The Triton Performance Analyzer can tell you more about your model’s inference performance than you might expect, but most users only scratch the surface with basic throughput tests.

Let’s see it in action. Imagine you’ve got a model, resnet50-onnx, running on Triton. You’ve already built your model repository and have Triton running. You want to see how fast it can go, but also understand why it’s fast or slow.

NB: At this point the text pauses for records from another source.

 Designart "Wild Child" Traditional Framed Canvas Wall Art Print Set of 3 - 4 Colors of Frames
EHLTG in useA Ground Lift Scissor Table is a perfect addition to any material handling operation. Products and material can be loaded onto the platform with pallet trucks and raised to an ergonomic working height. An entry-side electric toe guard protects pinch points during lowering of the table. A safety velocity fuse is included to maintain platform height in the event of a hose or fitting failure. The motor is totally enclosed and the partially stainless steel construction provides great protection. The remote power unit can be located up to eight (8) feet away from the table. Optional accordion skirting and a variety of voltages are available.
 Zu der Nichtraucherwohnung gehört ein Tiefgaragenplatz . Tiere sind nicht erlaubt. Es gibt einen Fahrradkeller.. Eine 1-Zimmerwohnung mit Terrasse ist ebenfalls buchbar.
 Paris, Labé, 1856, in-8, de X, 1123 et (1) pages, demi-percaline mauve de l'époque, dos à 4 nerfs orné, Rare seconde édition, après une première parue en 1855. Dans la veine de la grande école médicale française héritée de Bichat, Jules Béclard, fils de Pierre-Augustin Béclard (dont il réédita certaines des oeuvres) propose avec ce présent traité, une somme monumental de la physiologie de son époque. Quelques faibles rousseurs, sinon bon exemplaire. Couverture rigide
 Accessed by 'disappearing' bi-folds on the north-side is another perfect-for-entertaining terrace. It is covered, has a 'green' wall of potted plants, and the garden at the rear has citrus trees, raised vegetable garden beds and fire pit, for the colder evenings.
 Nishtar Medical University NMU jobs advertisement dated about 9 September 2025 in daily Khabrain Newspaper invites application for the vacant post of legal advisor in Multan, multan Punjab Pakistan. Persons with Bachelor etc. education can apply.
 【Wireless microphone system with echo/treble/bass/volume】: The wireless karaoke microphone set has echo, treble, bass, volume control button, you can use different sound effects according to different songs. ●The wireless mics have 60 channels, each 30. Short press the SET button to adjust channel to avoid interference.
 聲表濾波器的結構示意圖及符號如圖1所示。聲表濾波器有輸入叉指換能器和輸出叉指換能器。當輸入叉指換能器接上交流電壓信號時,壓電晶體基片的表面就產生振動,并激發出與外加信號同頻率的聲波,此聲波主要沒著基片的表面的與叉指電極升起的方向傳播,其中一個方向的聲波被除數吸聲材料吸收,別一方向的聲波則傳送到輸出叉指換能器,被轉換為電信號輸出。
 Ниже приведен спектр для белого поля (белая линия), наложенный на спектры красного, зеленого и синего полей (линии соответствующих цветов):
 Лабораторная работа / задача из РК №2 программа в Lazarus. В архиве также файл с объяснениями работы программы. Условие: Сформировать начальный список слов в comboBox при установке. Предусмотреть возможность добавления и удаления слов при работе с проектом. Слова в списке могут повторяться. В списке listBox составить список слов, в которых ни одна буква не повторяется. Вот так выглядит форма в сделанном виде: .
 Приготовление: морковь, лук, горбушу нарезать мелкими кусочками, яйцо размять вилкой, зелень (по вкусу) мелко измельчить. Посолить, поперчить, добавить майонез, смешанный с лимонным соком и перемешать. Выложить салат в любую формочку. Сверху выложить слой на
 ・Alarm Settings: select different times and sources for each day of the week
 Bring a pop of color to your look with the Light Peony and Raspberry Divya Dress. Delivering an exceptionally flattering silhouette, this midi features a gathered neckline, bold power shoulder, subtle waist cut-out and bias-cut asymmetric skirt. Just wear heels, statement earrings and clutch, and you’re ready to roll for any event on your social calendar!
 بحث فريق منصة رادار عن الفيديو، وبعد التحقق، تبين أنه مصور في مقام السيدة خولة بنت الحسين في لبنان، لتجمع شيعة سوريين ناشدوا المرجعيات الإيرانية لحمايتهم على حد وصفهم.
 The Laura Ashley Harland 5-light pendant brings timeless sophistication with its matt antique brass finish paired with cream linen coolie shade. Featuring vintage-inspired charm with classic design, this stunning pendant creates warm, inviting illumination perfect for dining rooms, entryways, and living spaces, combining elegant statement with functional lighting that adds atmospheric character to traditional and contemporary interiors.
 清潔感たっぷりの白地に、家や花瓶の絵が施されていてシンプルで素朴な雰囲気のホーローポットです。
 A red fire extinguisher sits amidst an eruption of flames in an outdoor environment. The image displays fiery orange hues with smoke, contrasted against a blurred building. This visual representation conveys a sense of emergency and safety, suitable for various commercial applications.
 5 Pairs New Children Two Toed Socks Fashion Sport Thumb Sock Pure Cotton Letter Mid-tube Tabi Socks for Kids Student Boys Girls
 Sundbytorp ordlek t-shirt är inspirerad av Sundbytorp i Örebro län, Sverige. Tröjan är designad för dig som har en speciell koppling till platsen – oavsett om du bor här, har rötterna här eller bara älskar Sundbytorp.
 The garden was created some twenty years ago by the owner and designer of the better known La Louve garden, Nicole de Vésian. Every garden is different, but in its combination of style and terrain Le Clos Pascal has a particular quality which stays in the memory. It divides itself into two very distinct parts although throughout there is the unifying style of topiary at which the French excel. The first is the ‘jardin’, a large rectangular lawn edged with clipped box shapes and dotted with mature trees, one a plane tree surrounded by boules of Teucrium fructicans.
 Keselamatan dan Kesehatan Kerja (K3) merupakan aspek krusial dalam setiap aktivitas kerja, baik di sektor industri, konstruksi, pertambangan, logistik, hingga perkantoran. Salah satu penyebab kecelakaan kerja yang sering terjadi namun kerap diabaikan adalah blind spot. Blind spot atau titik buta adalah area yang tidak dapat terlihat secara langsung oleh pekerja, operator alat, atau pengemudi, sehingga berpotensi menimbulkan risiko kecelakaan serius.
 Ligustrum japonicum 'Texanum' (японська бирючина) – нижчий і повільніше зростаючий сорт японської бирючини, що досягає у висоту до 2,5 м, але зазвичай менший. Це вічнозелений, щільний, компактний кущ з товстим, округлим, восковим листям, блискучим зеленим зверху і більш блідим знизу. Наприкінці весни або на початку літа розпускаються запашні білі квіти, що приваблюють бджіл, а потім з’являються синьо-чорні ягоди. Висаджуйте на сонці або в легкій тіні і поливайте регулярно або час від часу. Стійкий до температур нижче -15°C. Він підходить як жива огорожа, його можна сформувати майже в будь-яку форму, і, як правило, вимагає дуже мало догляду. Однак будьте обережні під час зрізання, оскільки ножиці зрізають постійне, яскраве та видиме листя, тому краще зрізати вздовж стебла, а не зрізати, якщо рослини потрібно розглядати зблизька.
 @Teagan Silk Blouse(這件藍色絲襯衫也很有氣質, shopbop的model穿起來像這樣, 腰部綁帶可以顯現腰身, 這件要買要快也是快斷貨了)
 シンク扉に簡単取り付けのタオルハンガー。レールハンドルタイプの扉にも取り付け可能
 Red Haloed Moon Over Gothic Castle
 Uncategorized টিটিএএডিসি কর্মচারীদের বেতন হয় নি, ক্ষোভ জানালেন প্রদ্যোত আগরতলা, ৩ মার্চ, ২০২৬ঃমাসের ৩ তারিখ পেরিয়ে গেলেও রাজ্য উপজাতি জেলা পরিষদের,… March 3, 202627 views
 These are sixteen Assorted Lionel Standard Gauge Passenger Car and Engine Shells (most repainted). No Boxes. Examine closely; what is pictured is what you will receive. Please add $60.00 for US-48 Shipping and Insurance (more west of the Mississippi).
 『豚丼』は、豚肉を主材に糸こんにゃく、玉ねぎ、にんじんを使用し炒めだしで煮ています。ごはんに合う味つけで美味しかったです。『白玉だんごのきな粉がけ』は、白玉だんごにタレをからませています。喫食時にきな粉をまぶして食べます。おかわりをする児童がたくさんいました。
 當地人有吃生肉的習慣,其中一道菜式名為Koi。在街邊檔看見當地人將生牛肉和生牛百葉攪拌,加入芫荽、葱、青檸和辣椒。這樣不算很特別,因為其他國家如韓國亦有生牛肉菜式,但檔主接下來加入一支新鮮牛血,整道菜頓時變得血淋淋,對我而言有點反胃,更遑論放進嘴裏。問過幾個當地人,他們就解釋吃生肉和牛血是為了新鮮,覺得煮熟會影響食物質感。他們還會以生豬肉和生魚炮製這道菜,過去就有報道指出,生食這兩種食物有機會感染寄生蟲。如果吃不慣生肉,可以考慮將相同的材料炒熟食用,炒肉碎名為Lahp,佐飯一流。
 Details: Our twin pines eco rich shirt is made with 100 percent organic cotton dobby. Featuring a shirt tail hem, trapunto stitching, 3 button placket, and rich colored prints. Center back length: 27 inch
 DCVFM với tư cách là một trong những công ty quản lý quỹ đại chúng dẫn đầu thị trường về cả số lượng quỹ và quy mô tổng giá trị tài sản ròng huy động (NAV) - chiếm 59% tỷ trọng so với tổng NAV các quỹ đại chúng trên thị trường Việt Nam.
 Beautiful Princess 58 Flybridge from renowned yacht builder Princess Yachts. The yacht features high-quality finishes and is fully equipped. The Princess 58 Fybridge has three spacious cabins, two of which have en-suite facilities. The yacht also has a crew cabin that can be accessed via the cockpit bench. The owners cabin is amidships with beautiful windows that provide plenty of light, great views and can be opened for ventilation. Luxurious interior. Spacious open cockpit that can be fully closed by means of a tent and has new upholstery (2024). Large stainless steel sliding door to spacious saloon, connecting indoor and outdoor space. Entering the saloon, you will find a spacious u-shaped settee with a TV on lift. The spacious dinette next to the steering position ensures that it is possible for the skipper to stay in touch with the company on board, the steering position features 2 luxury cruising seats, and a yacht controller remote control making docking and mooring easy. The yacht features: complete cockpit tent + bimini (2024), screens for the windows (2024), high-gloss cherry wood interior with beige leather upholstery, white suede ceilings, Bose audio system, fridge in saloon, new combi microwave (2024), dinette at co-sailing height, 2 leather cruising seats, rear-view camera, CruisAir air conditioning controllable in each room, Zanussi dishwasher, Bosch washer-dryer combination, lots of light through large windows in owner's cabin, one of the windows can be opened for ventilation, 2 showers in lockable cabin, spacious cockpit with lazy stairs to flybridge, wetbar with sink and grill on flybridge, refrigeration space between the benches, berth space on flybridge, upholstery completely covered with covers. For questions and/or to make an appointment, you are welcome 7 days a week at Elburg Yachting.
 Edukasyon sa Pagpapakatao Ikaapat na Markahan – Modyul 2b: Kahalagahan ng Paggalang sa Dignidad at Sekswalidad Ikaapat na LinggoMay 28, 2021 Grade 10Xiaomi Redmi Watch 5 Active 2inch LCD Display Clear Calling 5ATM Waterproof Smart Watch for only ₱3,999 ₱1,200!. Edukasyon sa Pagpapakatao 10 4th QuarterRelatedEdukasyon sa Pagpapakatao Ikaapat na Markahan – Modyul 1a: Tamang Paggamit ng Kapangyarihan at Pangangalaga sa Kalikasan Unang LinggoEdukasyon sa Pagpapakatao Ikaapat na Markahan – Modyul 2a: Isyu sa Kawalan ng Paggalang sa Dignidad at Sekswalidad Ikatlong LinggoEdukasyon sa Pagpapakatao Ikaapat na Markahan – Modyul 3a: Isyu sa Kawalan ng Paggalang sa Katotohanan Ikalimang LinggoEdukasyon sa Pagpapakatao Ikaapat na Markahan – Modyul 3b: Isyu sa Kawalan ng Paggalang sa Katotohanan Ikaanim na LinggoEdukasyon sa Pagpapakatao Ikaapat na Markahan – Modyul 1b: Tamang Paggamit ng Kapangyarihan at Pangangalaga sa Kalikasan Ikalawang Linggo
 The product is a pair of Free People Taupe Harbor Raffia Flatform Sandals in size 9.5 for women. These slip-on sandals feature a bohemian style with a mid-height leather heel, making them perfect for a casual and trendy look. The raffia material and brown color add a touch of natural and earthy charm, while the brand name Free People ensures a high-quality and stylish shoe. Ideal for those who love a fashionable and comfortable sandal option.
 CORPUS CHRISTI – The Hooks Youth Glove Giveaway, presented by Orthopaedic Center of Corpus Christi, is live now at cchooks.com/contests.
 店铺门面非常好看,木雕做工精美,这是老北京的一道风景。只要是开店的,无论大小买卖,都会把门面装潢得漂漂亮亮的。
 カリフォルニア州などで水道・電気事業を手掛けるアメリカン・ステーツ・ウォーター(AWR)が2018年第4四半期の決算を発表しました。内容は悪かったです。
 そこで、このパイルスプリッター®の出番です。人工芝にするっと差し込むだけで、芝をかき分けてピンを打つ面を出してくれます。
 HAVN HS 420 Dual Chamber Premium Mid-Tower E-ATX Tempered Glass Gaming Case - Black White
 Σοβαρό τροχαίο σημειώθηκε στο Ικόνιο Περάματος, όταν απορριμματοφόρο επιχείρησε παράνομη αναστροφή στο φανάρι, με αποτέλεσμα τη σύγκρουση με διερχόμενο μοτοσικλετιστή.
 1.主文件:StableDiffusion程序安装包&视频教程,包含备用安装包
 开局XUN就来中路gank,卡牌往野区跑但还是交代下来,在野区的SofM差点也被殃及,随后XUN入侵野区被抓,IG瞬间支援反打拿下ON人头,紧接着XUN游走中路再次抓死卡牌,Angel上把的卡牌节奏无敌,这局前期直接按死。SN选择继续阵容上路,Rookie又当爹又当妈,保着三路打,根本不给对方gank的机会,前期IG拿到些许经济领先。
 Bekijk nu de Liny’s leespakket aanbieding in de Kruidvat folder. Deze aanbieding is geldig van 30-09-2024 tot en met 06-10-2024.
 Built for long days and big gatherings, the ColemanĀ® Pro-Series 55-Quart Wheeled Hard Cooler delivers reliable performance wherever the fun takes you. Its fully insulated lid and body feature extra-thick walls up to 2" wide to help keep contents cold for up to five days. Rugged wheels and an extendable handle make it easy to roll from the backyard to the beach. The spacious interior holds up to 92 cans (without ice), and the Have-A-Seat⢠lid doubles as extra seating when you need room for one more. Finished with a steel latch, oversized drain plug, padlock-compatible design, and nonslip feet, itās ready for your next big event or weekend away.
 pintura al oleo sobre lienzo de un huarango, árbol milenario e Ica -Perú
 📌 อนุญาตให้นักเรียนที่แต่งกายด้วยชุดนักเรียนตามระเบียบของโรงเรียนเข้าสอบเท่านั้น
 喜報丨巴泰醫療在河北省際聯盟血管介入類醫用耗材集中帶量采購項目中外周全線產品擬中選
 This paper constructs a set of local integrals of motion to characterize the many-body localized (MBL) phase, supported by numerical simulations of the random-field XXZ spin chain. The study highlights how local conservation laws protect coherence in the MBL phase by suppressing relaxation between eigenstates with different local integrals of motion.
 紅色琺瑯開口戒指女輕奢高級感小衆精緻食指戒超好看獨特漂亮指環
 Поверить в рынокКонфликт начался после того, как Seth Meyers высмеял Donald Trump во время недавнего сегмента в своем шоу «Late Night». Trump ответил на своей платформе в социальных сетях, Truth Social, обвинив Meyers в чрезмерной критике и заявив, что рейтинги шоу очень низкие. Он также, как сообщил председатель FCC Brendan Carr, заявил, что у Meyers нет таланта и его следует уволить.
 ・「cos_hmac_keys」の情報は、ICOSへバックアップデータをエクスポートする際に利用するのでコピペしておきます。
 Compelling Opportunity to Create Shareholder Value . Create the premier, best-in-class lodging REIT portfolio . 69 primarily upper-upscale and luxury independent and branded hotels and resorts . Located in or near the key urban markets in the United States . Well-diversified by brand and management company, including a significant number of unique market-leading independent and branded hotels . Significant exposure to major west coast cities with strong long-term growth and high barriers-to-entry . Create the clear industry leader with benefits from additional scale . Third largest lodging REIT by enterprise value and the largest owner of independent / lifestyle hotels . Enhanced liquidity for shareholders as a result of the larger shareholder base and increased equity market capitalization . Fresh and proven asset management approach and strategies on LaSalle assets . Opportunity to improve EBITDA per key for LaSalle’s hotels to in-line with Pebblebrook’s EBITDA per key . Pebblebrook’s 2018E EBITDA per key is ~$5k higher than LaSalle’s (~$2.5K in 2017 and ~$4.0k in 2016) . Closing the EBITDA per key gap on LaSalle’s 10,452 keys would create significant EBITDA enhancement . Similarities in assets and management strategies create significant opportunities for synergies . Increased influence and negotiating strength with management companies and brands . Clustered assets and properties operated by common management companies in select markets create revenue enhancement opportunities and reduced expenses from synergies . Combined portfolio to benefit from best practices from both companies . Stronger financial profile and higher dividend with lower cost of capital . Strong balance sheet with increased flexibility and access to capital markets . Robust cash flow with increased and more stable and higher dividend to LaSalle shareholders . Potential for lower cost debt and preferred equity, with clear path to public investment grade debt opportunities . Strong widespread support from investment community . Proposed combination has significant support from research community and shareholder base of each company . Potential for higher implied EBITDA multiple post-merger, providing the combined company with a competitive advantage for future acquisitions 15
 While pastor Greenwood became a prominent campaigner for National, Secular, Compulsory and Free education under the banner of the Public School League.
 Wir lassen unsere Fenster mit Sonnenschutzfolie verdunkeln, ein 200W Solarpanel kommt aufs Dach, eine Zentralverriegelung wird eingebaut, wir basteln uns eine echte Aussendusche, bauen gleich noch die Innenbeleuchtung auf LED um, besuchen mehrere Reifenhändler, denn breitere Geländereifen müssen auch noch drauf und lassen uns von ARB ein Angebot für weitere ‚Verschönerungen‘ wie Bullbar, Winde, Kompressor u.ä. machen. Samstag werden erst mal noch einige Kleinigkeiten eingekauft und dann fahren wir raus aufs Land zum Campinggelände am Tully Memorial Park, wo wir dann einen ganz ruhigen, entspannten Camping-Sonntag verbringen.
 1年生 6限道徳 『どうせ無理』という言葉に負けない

First, set up your model repository. It should look something like this:

model_repository/
  resnet50-onnx/
    1/
      model.onnx
    config.pbtxt

The config.pbtxt is crucial:

name: "resnet50-onnx"
platform: "onnxruntime_onnx"
max_batch_size: 16
input [
  {
    name: "input"
    data_type: TYPE_FP32
    format: FORMAT_NCHW
    dims: [ 3, 224, 224 ]
  }
]
output [
  {
    name: "output"
    data_type: TYPE_FP32
    dims: [ 1000 ]
  }
]

Now, let’s run a simple throughput test. You’ll need the tritonclient Python package.

import tritonclient.http as httpclient
import numpy as np
import time

# Connect to Triton
try:
    triton_client = httpclient.InferenceServerClient(url="localhost:8000")
except Exception as e:
    print("client creation failed: " + str(e))
    exit(1)

# Model and input details
model_name = "resnet50-onnx"
input_name = "input"
input_shape = (3, 224, 224)
input_dtype = np.float32
batch_size = 16 # Matches config.pbtxt

# Generate dummy data
dummy_input = np.random.rand(*input_shape).astype(input_dtype)
inputs = [httpclient.InferInput(input_name, dummy_input.shape, httpclient.DataType.FP32)]
inputs[0].set_data_from_numpy(dummy_input)

# Warmup
for _ in range(5):
    triton_client.infer(model_name, inputs)

# Benchmarking
num_inferences = 100
start_time = time.time()
for _ in range(num_inferences):
    triton_client.infer(model_name, inputs)
end_time = time.time()

# Calculate throughput
total_time = end_time - start_time
throughput = (num_inferences * batch_size) / total_time
print(f"Throughput: {throughput:.2f} inferences/sec")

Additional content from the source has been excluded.